### Task objective
From the line with "Blue space galaxy" to the line with "86高隔斷是最為成熟的產品,已經做過很多", retype every line exactly, including those two, and leave out the rest of the data below.

### Data for analysis
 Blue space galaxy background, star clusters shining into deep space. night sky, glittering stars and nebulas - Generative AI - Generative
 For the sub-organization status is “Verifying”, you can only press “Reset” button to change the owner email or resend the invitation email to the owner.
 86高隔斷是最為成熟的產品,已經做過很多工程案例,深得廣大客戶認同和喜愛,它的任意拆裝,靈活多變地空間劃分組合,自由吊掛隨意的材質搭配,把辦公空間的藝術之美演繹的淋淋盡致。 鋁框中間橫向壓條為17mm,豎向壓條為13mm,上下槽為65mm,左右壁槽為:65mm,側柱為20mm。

==

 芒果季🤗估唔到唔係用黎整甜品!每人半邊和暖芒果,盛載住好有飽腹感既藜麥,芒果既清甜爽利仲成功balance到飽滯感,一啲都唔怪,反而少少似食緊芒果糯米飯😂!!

* * *

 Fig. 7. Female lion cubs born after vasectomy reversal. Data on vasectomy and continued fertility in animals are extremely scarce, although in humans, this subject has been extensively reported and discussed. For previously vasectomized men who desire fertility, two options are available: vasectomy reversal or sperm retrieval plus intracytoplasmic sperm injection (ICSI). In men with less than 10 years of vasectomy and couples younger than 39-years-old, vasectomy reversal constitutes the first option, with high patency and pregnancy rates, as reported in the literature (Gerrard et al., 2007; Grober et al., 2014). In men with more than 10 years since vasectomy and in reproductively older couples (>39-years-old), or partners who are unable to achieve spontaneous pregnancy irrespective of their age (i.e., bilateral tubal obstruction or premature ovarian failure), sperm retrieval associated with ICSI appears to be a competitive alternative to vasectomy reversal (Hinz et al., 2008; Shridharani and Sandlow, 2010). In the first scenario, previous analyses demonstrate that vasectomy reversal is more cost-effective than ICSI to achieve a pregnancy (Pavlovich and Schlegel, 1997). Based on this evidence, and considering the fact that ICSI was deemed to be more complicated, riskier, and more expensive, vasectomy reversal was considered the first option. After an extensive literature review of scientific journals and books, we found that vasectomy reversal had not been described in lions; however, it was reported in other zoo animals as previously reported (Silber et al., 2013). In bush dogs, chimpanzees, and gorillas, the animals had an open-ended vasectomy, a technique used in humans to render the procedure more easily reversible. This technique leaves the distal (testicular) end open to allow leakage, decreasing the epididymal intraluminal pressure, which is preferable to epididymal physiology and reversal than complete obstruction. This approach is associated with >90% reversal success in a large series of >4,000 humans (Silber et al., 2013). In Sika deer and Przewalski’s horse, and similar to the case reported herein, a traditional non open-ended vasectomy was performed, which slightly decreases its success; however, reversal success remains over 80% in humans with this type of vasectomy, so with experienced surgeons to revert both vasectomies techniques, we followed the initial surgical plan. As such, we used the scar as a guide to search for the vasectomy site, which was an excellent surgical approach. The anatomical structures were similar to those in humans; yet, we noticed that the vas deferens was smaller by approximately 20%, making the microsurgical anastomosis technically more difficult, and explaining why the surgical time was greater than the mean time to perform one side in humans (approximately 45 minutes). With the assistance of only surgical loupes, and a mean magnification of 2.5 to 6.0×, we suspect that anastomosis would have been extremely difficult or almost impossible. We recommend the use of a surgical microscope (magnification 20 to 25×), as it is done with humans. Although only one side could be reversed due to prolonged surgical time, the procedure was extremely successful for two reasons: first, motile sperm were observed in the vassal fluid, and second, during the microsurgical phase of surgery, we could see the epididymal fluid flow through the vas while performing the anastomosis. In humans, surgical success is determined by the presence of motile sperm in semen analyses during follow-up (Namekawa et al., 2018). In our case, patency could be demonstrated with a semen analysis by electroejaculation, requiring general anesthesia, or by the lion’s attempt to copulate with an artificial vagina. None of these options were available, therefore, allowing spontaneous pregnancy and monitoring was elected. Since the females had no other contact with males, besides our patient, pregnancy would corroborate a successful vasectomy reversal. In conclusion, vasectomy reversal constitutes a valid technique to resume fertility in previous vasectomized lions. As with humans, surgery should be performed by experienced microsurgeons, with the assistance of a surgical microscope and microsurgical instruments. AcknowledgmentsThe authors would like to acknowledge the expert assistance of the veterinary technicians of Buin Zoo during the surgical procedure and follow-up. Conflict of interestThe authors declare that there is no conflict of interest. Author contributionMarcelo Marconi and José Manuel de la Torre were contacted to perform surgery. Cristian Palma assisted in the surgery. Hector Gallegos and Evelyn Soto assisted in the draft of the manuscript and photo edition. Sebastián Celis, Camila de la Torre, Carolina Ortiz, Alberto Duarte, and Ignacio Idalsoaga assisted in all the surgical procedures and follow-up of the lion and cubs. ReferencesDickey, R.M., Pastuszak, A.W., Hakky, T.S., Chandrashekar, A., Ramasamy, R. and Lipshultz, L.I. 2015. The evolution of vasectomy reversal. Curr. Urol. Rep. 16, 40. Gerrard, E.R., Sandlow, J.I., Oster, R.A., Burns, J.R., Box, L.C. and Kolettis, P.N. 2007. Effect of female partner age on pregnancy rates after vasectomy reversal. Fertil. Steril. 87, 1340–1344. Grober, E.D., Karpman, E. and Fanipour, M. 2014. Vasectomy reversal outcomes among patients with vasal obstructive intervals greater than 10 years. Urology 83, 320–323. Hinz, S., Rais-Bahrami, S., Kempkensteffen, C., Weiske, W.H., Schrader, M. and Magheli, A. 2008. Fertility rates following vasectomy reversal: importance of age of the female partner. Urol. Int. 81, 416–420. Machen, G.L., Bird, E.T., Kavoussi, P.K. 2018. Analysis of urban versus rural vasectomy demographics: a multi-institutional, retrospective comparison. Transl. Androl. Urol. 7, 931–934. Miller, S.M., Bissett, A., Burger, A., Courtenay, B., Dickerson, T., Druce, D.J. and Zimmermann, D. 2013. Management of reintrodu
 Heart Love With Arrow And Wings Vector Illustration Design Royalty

### Response to this exercise
 Blue space galaxy background, star clusters shining into deep space. night sky, glittering stars and nebulas - Generative AI - Generative
 For the sub-organization status is “Verifying”, you can only press “Reset” button to change the owner email or resend the invitation email to the owner.
 86高隔斷是最為成熟的產品,已經做過很多工程案例,深得廣大客戶認同和喜愛,它的任意拆裝,靈活多變地空間劃分組合,自由吊掛隨意的材質搭配,把辦公空間的藝術之美演繹的淋淋盡致。 鋁框中間橫向壓條為17mm,豎向壓條為13mm,上下槽為65mm,左右壁槽為:65mm,側柱為20mm。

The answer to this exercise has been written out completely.